Your work often returns to cycles of breakdown and renewal. What poets or artists do you turn to when you’re trying to make sense of your own periods of transformation?
Quite a lot. There will be times where I’m so unwell that I can only handle poems. To name a few, I turn to Diane Seuss, Khadijah Queen, Megan Fernandes as well as Natasha Rao, Taylor Byas, Dare Williams, who all have their interludes on the album. They are very helpful in those moments, and I think poems are always something that feel… they feel like me to me. I can read a poem and feel more like myself. Sometimes, that’s what I really need. In terms of music, my favourite harpist is Lavinia Meijer. I have a harp playlist I listen to a lot when I’m undergoing transformation or just when I’m writing. In terms of fiction, I’d say Ling Ma, Sally Rooney, Octavia Butler. Ironically enough, Stoker’s Dracula, it’s one of my favourite books. Also poetry podcasts, Poem-a-Day by poets.org – I get that email and read a poem everyday. I read many poems a day. Sometimes they’ll be poems I wasn’t expecting but that I really needed at that moment.
To wrap up, are there any particular areas of your life that have been drawing you to explore them in your creative work lately?
For my second poetry collection I’m thinking a lot about estrangement, I’m thinking a lot about the nuclear family. I’m writing a lot about family, about rebuilding after collapse. I’m also working on a novel where one of the characters is a whiskey taster and writes about whiskey, so I’ve been doing weekly tastings and writing out the taste notes to get into the character’s headspace. So yeah – estrangement, nuclear family, and whiskey.
That’s amazing! So you’re also becoming a whiskey expert?
Maybe a little bit, which is not something I ever saw coming.
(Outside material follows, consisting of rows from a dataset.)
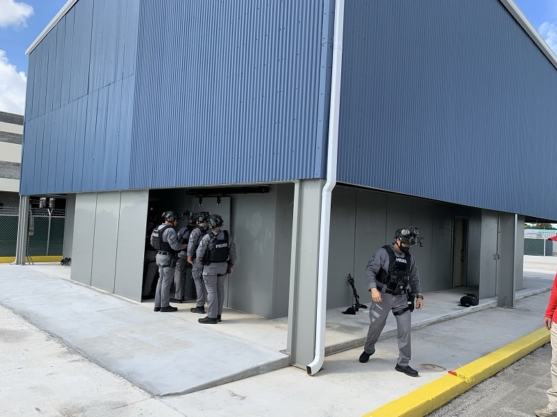 The Hialeah shoot house is designed for 360-degree, live-fire tactical training. It has been used for instructor and drone operation training. SWAT officer training begins in January. In addition to live-fire drills, the facility will be used for K9 and drone pilot exercises.
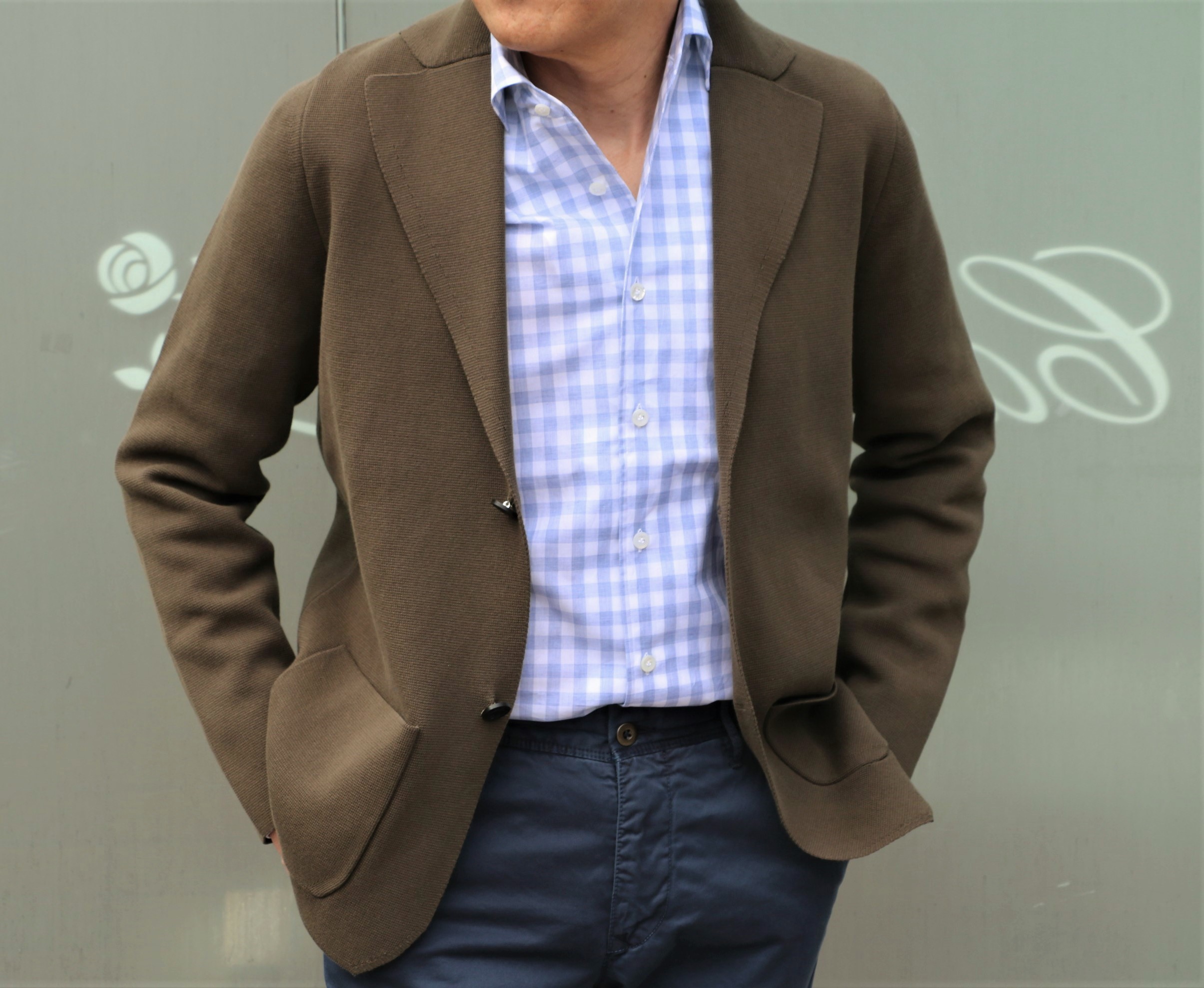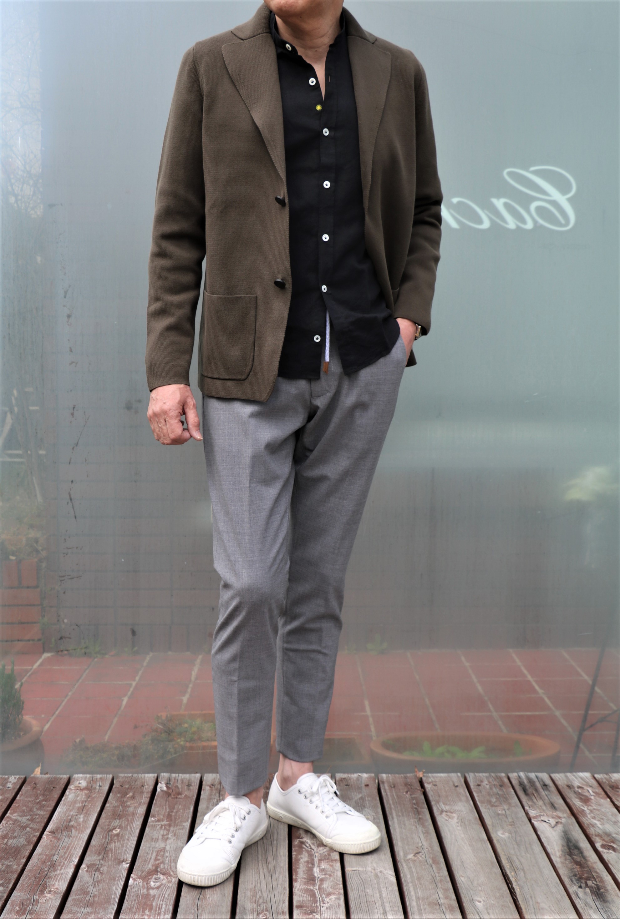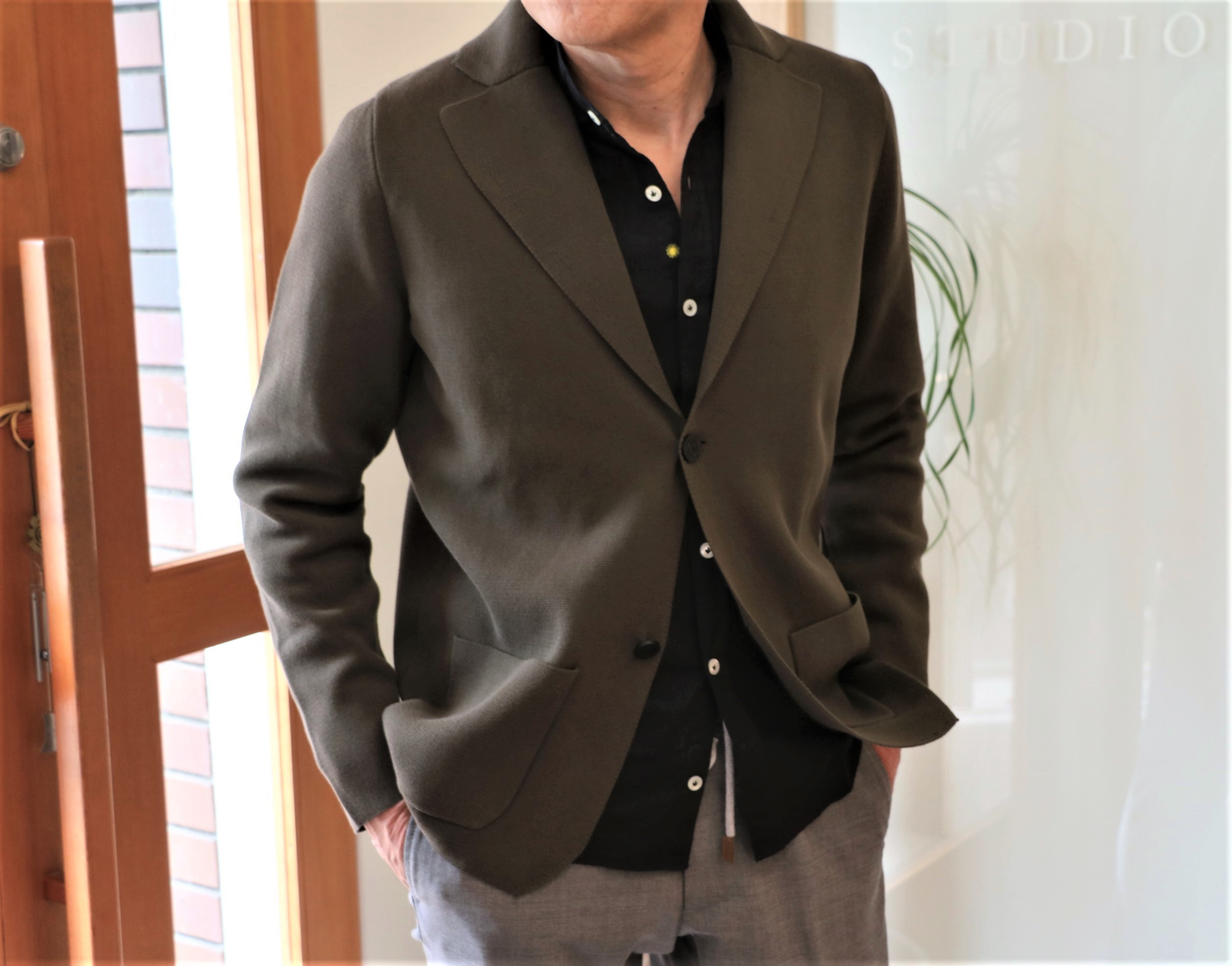 外と室内で写真を撮って色の違いをお見せしようと思いましたが、あまり変わらないようです。現在、蛍光灯の下で色を見ているのですが、屋外で見るより緑がかっています。合わせているシャツはGiannette(ジャンネット)、パンツはeleventy(イレブンティ)です。
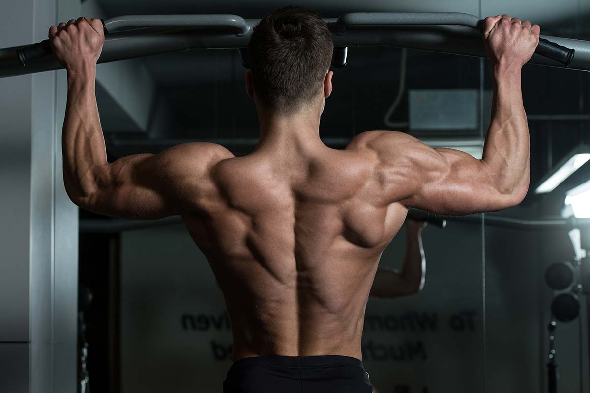Широчайшие мышцы спины — ключевые мышцы, задействованные в подтягиваниях и в тяге верхнего блока сидя. Они расположены на левой и правой частях корпуса, веерным образом расходясь от плечевого сустава. Для того, чтобы задействовать их при выполнении упражнения вся ладонь, включая большой палец, должна лежать на турнике сверху.
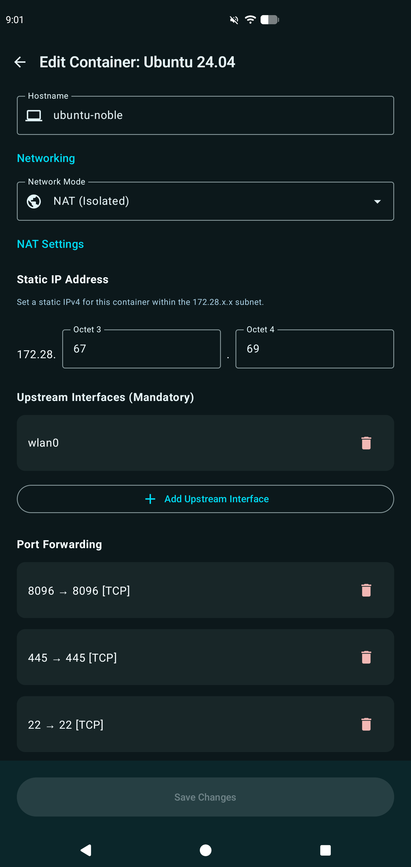 Network Isolation 3 Networking Modes (Host, NAT, None). Pure network isolation via CLONE_NEWNET (NAT/None modes) or shared host networking (Host mode). Works on both Android and Linux.
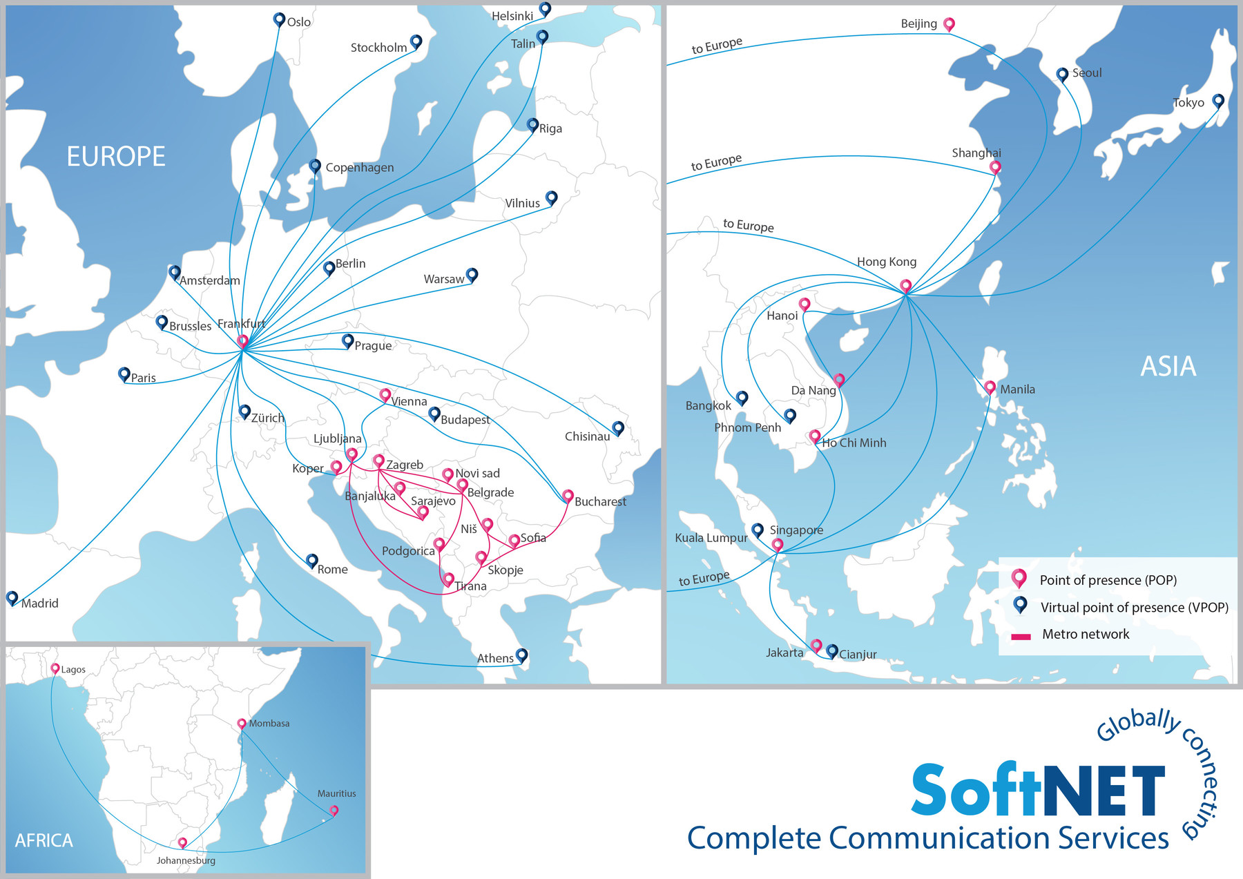 SoftNET je s svojimi vozlišči prisoten v Nemčiji, Avstriji, Sloveniji, na Hrvaškem, v Srbiji, Bosni in Hercegovini, Bolgariji, Romuniji, Makedoniji, Črni gori, Albaniji, na Kitajskem, v Vietnamu, Singapurju, Indoneziji in na Filipinih (v večini od naštetih držav ima tudi pisarne). V sodelovanju s svetovnima omrežjema Sprint in Flag Telecom SoftNET omogoča povezljivost po celem svetu.
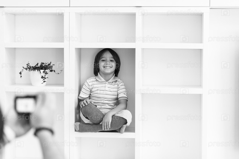 Мальчик сидит на полке
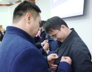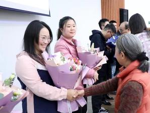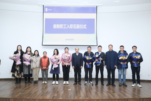 随后,物理学院还为2022年下半年以来新入职的教职工举行了新教职工入职见面仪式,陈修文书记、刘友文院长、欧珊副书记、赵志敏教授共同为新教工佩戴院徽并送上鲜花。

I’ve been calling it ‘field research’. I’m starting to love it as much as I love coffee – I was a barista for almost ten years, I love tasting coffee, and I’m now starting to feel similarly about whiskey.
Is the experience of writing a novel quite different to writing a book of poetry?
It is, but since I write poetry, non-fiction, fiction, screenplays, plays, I think each genre feeds the other. Even though they’re different, when you’re working on one, you’re working on yourself as a writer. I see genres as one begets the other.